# Recruit of the day



## C.way (Jan 9, 2010)

went hunting again today, donating lot of blood to mosquito around the plantation

2 adult female long neck, the wings are short, only cover one segment of it's abdomen












tiny nymph, the only male I got






lucky to get one green adult statilia sp. female











3 more sub-adult female long neck, going to release 2 by tomorrow


----------



## Katnapper (Jan 9, 2010)

Nice catches!


----------



## Chien_Ming Lee (Jan 9, 2010)

Nice !

It must be fun .


----------



## revmdn (Jan 9, 2010)

Good hunting.


----------



## sufistic (Jan 9, 2010)

Awesome finds!


----------



## C.way (Jan 9, 2010)

Chien_Ming Lee said:


> Nice !It must be fun .


definitely not fun during the search, the only fun is when i got them, other wise, it will be walking around the plantation full of grass, mosquitoes keep on flying around you and walking towards some spider web, totally terrible


----------



## C.way (Jan 9, 2010)

sufistic said:


> Awesome finds!


planning to send you a pair if i manage to get extra male, after hunting at the same spot for about 7 times, I can only conclude that males are damn rare, out of 15 caught long neck, only 2 are males...


----------



## sufistic (Jan 9, 2010)

C.way said:


> planning to send you a pair if i manage to get extra male, after hunting at the same spot for about 7 times, I can only conclude that males are damn rare, out of 15 caught long neck, only 2 are males...


Sounds great bro. We can exchange species. As for getting the males, why don't you try going to some lamp posts near the plantation at night? That might work?


----------



## batsofchaos (Jan 9, 2010)

C.way said:


> planning to send you a pair if i manage to get extra male, after hunting at the same spot for about 7 times, I can only conclude that males are damn rare, out of 15 caught long neck, only 2 are males...

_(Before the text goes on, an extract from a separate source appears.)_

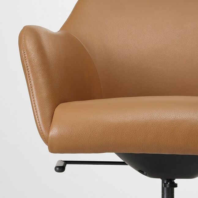 Вращающееся кресло с мягкими формами и приятной набивкой. Обивка из прочной кожи, которая хорошо сочетается с любым типом помещений, и колесики, которые позволяют легко перемещать его.

You might have better luck finding males at night with a light trap. I can't speak specifically for long neck mantids, but it's common in a lot of other species for the males to be attracted to light at night.


----------



## C.way (Jan 9, 2010)

if only I got some pals following, then it'll be alright, else I wouldn't want to go for another round of blood donation and insect kiss :lol: 



> Sounds great bro. We can exchange species. As for getting the males, why don't you try going to some lamp posts near the plantation at night? That might work?


I'm trimming down the number of mantises I got, found that it's pretty time consuming to take care of them and having trouble with providing live foods, can just give you free of charge


----------